Write out the records word for word, with no pictures.

+++

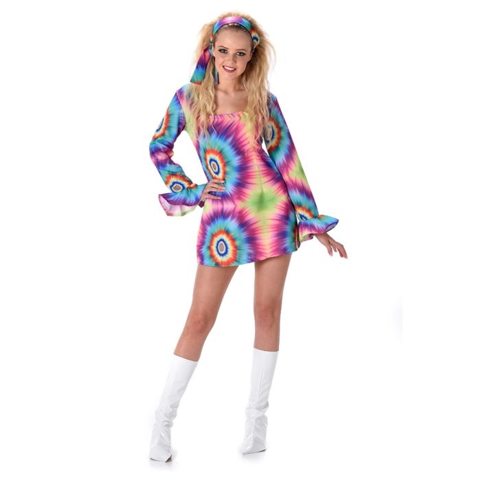 Kostuum voor verkleedfeest, carnaval, jaren 60/70 thema. De set bevat: jurk, hoofdband en laarshoezen.
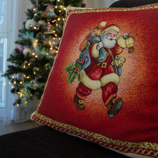 Christmas Cushion Cover Red Decorative Pillowcase with Santa and Gold threads
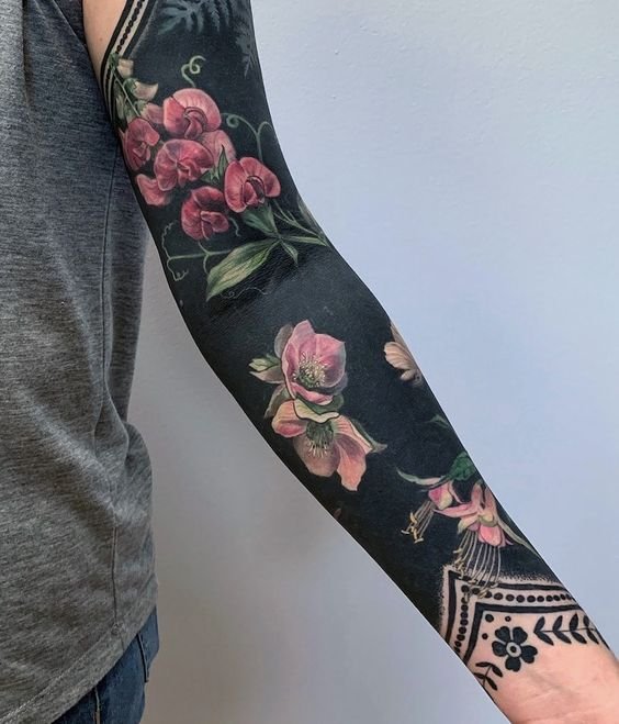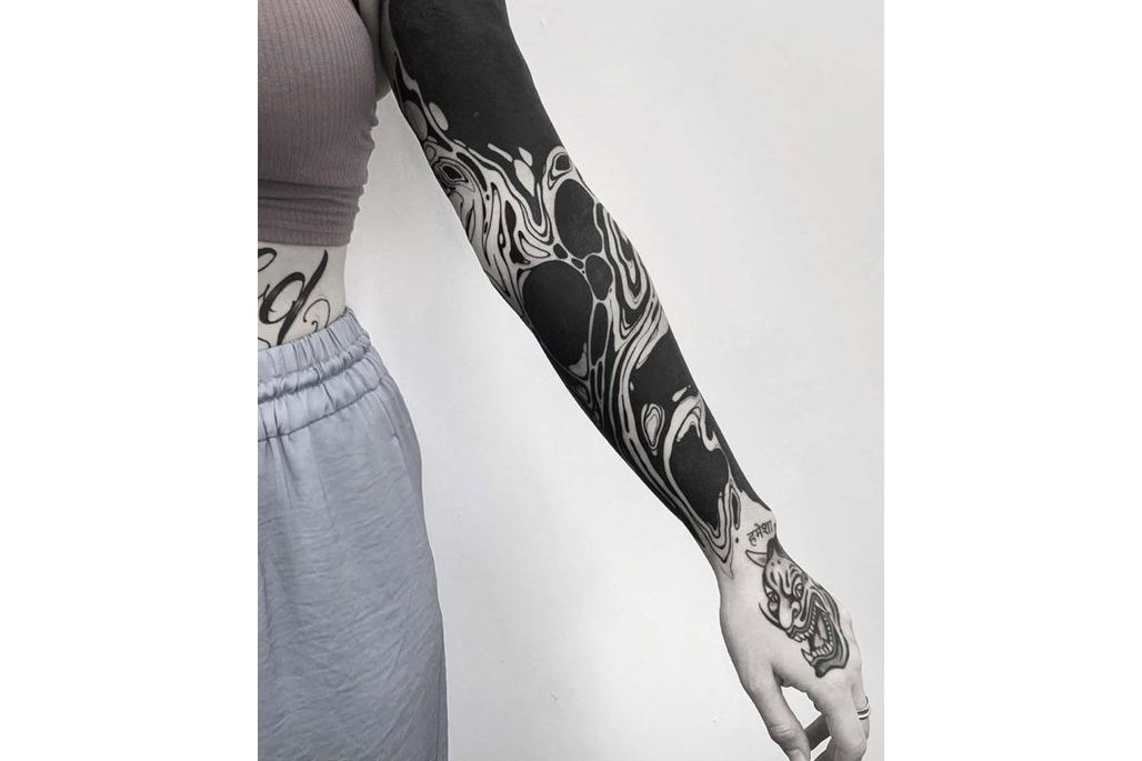 Оригинално изглеждат татуировките, в които стилът блекуърк се комбинира с друг стил.
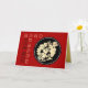 Custom 2020 + Happy + Year of the Rat + golden rat and grapes paper-cut (model n°4) into a black circle with dark red background (in front) and golden textured image as background (inside). You can easily change text (font colour, size and position) if you want by clicking the customise button. Design on horizontal greeting card. Available with other rat paper-cut designs.
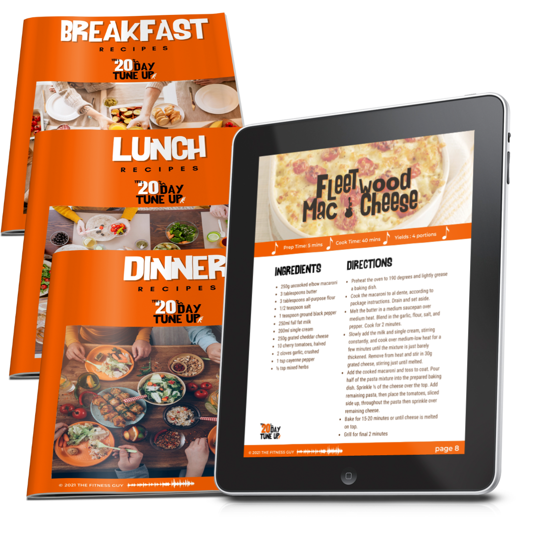 IEating well shouldn’t feel complicated. With the 20-Day Tune-Up, you’ll get 20 breakfasts, 20 lunches, 20 dinners, plus the Snack Attack book with over 100 snack ideas — all designed to make healthy choices quick, tasty, and completely stress free.
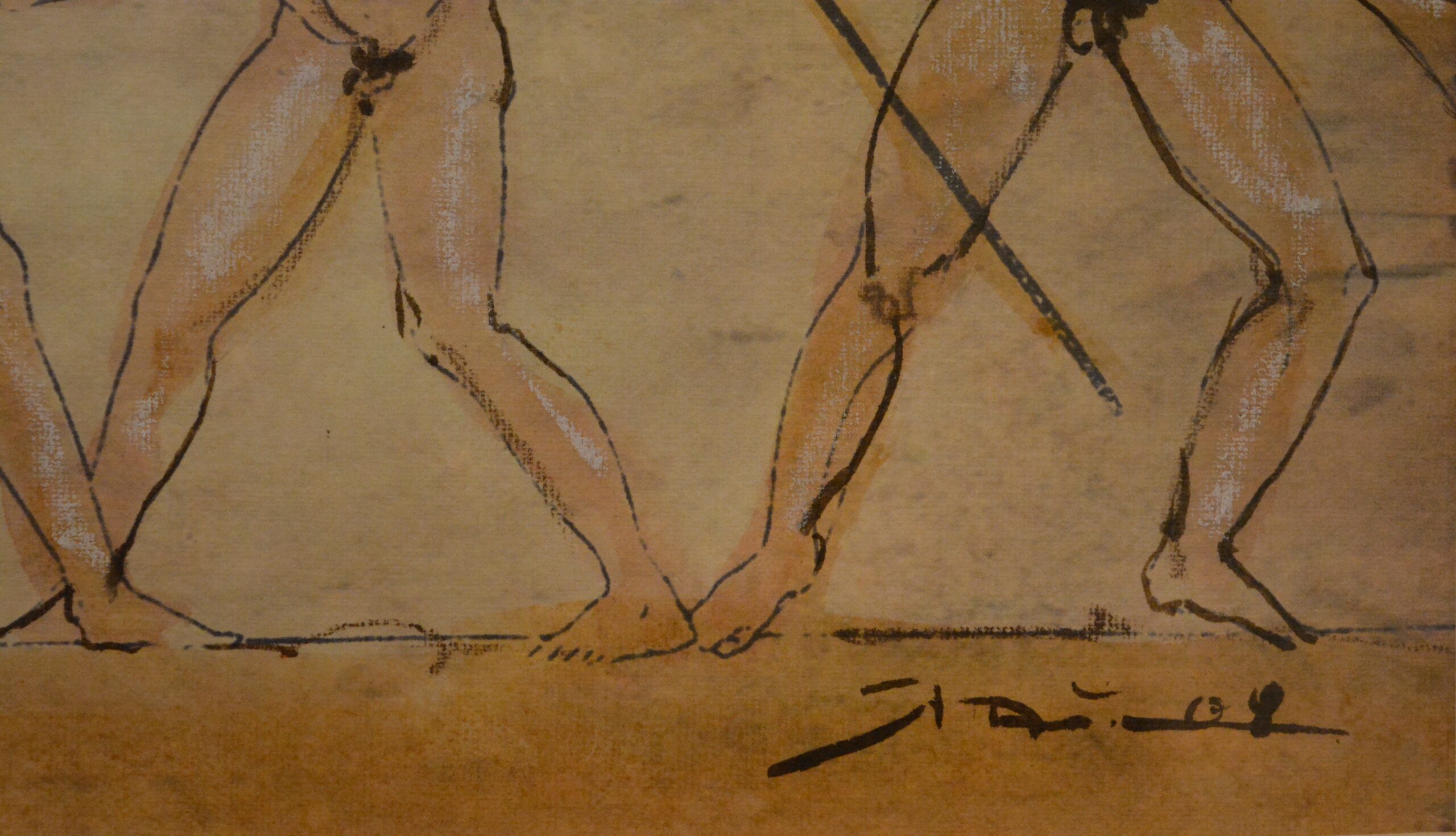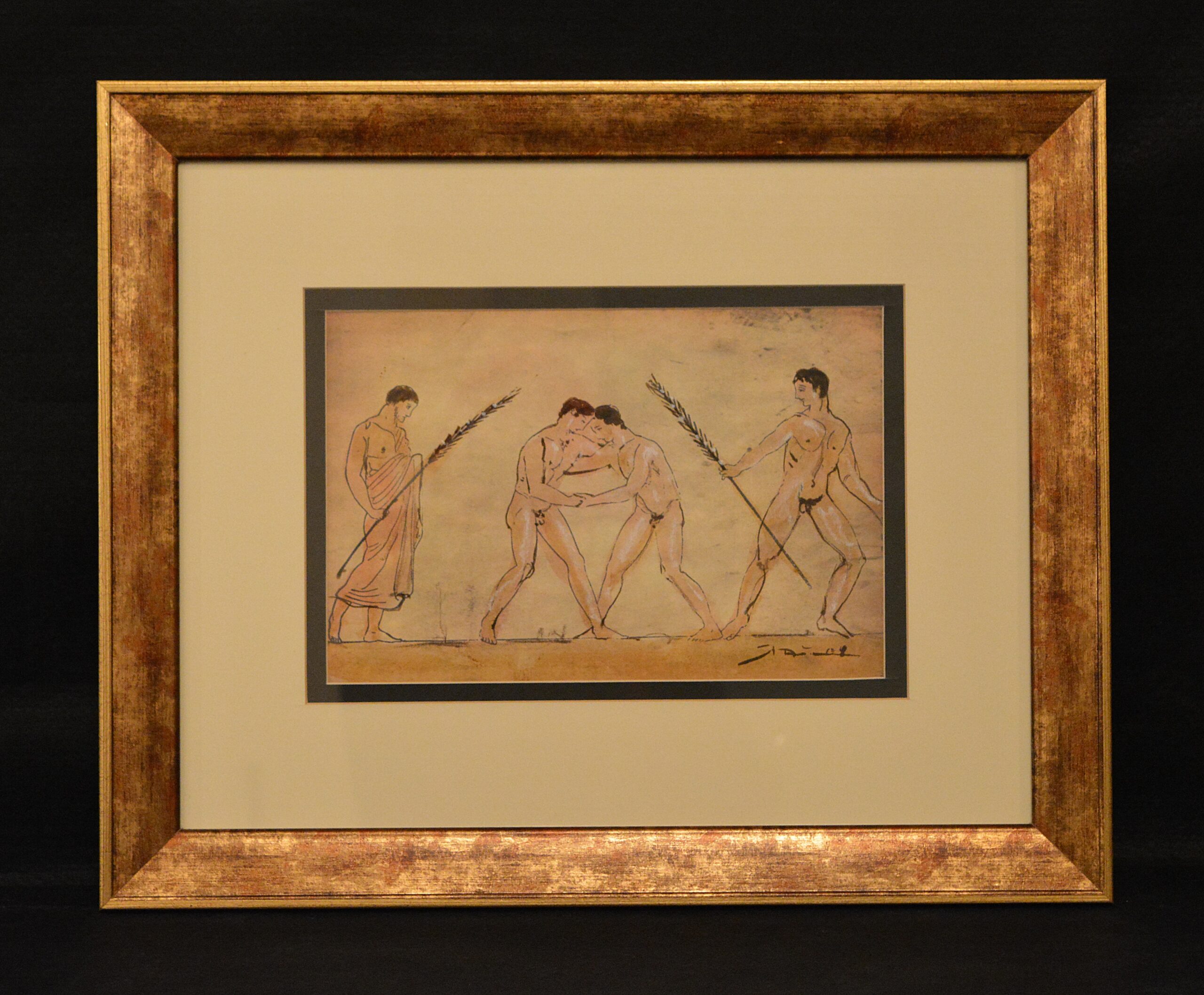 Painting of Lazaros Pantos, “Black-figure” series (in reference to reference to the famous ancient pottery painting technique), mixed media on paper. The series is included in a special edition for this lost art, and the potential buyer will also be provided with a catalogue signed by the artist. Dimensions of frame: 50cm (width) x 41cm (height). Dimensions of artwork: 27cm x 20cm.
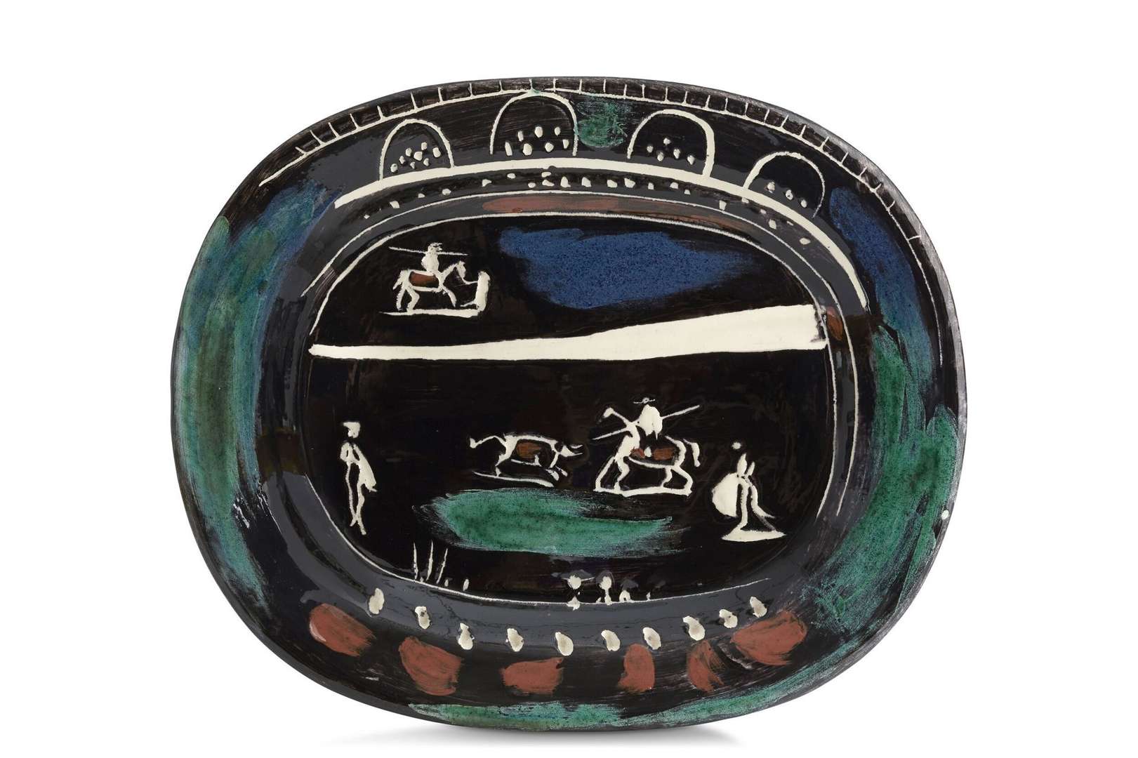 Plat rectangulaire Corrida verte, 1949 [A.R. 81]
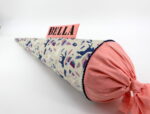 Die Schultüte wird aus hochwertigen Designerstoffen genäht und auf Wunsch mit dem Namen des Schulkindes individualisiert. Die Tüte ist 70cm hoch und wird mit einem entsprechenden Papprohling geliefert. Um eine bleibende Erinnerung an den Einschulungstag zu haben, kann nach der Einschulung der Papprohling aus der Schultüte entfernt werden und und mit dem Inlet als Kuschelkissen Einzug in das Kinderzimmer halten.
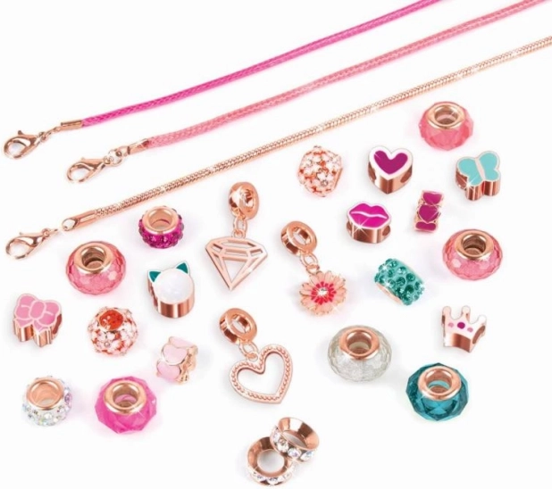 Lav dine egne smykker med dette lyserøde armbånds-kitsæt, som indeholder alt, hvad du behøver: perler, vedhæng, færdige armbånd og instruktioner. Ideel kreativ underholdning for børn fra 8 år.
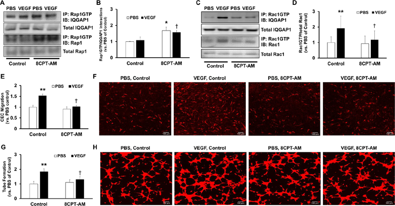 A) Representative western blot images that show Rap1GTP interactions with IQGAP1 determined by co-immunoprecipitation (row 1), total IQGAP1 (row 2), Rap1 activation by immunoprecipitation (row 3), and total Rap1 (row 4) in lysates from CECs treated with PBS and 0.05% DMSO (Control), VEGF (50 ng/mL) and Control, PBS and 8CPT-AM (1 μM), or VEGF and 8CPT-AM for 30 minutes; B) Quantification of Rap1GTP interactions with IQGAP1 by densitometry analysis (Normalized mean±SEM, *p<0.05 vs. PBS of Control, †p<0.05 vs. VEGF of Control, n=3 per group from 3 independent experiments);
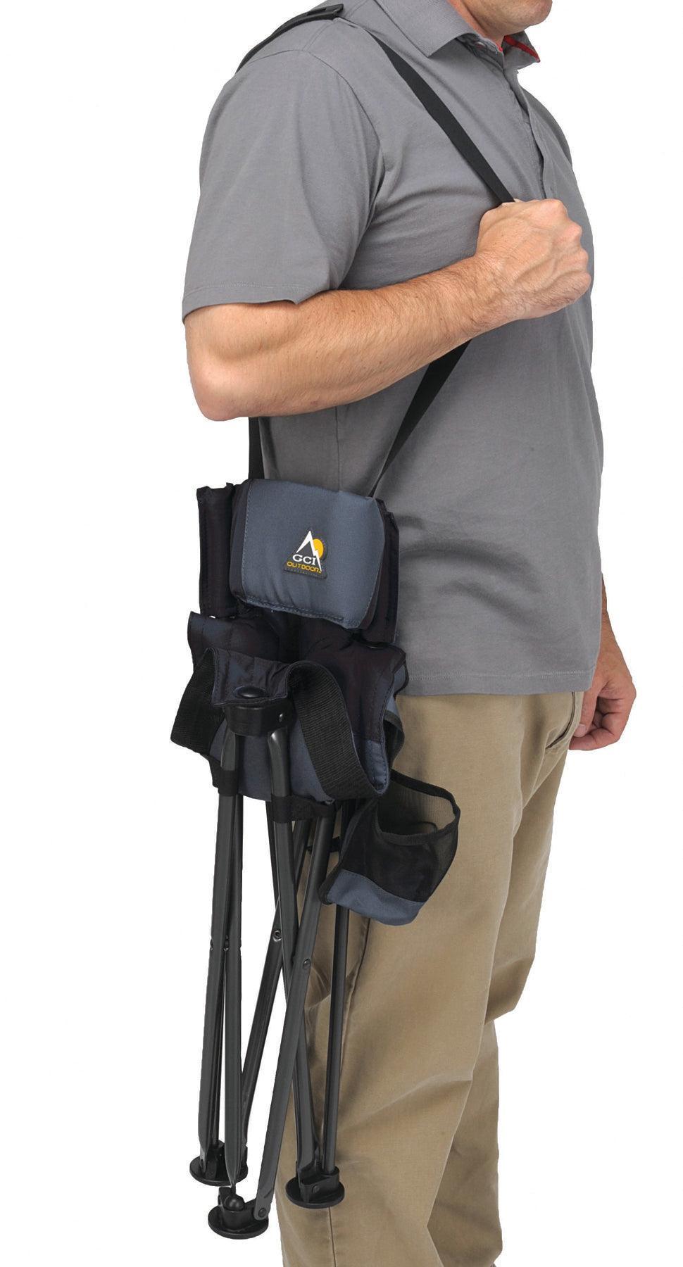 Easy Storage: Shoulder strap with Auto-Fold Technology allows for easy folding and carrying; Simply pull up on the carry strap to collapse the folding camp stool.

+++

-- FINISHED EXERCISE --
 Kostuum voor verkleedfeest, carnaval, jaren 60/70 thema. De set bevat: jurk, hoofdband en laarshoezen.
 Christmas Cushion Cover Red Decorative Pillowcase with Santa and Gold threads
 Оригинално изглеждат татуировките, в които стилът блекуърк се комбинира с друг стил.
 Custom 2020 + Happy + Year of the Rat + golden rat and grapes paper-cut (model n°4) into a black circle with dark red background (in front) and golden textured image as background (inside). You can easily change text (font colour, size and position) if you want by clicking the customise button. Design on horizontal greeting card. Available with other rat paper-cut designs.
 IEating well shouldn’t feel complicated. With the 20-Day Tune-Up, you’ll get 20 breakfasts, 20 lunches, 20 dinners, plus the Snack Attack book with over 100 snack ideas — all designed to make healthy choices quick, tasty, and completely stress free.
 Painting of Lazaros Pantos, “Black-figure” series (in reference to reference to the famous ancient pottery painting technique), mixed media on paper. The series is included in a special edition for this lost art, and the potential buyer will also be provided with a catalogue signed by the artist. Dimensions of frame: 50cm (width) x 41cm (height). Dimensions of artwork: 27cm x 20cm.
 Plat rectangulaire Corrida verte, 1949 [A.R. 81]
 Die Schultüte wird aus hochwertigen Designerstoffen genäht und auf Wunsch mit dem Namen des Schulkindes individualisiert. Die Tüte ist 70cm hoch und wird mit einem entsprechenden Papprohling geliefert. Um eine bleibende Erinnerung an den Einschulungstag zu haben, kann nach der Einschulung der Papprohling aus der Schultüte entfernt werden und und mit dem Inlet als Kuschelkissen Einzug in das Kinderzimmer halten.
 Lav dine egne smykker med dette lyserøde armbånds-kitsæt, som indeholder alt, hvad du behøver: perler, vedhæng, færdige armbånd og instruktioner. Ideel kreativ underholdning for børn fra 8 år.
 A) Representative western blot images that show Rap1GTP interactions with IQGAP1 determined by co-immunoprecipitation (row 1), total IQGAP1 (row 2), Rap1 activation by immunoprecipitation (row 3), and total Rap1 (row 4) in lysates from CECs treated with PBS and 0.05% DMSO (Control), VEGF (50 ng/mL) and Control, PBS and 8CPT-AM (1 μM), or VEGF and 8CPT-AM for 30 minutes; B) Quantification of Rap1GTP interactions with IQGAP1 by densitometry analysis (Normalized mean±SEM, *p<0.05 vs. PBS of Control, †p<0.05 vs. VEGF of Control, n=3 per group from 3 independent experiments);
 Easy Storage: Shoulder strap with Auto-Fold Technology allows for easy folding and carrying; Simply pull up on the carry strap to collapse the folding camp stool.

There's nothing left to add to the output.